I went back upstairs to write a response to Harder when I was intercepted by our publisher, Arthur Sulzberger. He wanted me to brief him and his son, A. G., then the deputy publisher, about the Harder letter. We huddled in the Churchill Room, a meeting room on the sixteenth floor that housed Winston Churchill memorabilia, including a painting that Churchill had given to The Times. I assured them that we had the story cold and I would do my best to fend off the Weinstein legal team.
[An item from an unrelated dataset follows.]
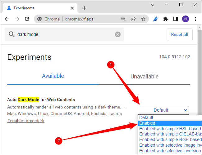Click the drop-down menu next to Force Dark Mode for Web Contents and select “Enabled.”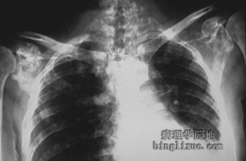胸部X线显示,乳腺癌转移病人,胸部骨质溶解破坏。 This chest radiograph demonstrates osteolytic metastases in a patient with metastatic breast carcinoma. Chest, osteolytic metastases |

I quickly typed up a letter to Harder, telling him we were giving Weinstein the 48 hours he had asked for, nothing more. Being of the fight-fire-with-fire school, I also included a demand that Harvey and his various functionaries make sure that they preserved their documents, especially their texts and emails. I knew what some of those communications would show: that people in Weinstein’s camp had not toed the company line in talking to our reporters. My document demand was barely two paragraphs long—a shadow of what Harder had cranked out and sent to us, but enough to make my point. A short time later, my letter, bizarrely, became the subject of a story in the Los Angeles Times. Harder had forwarded the letter to Harvey and his associates at The Weinstein Company (with a note suggesting that they be careful with their emailing) but mistakenly added to the address list an LAT reporter.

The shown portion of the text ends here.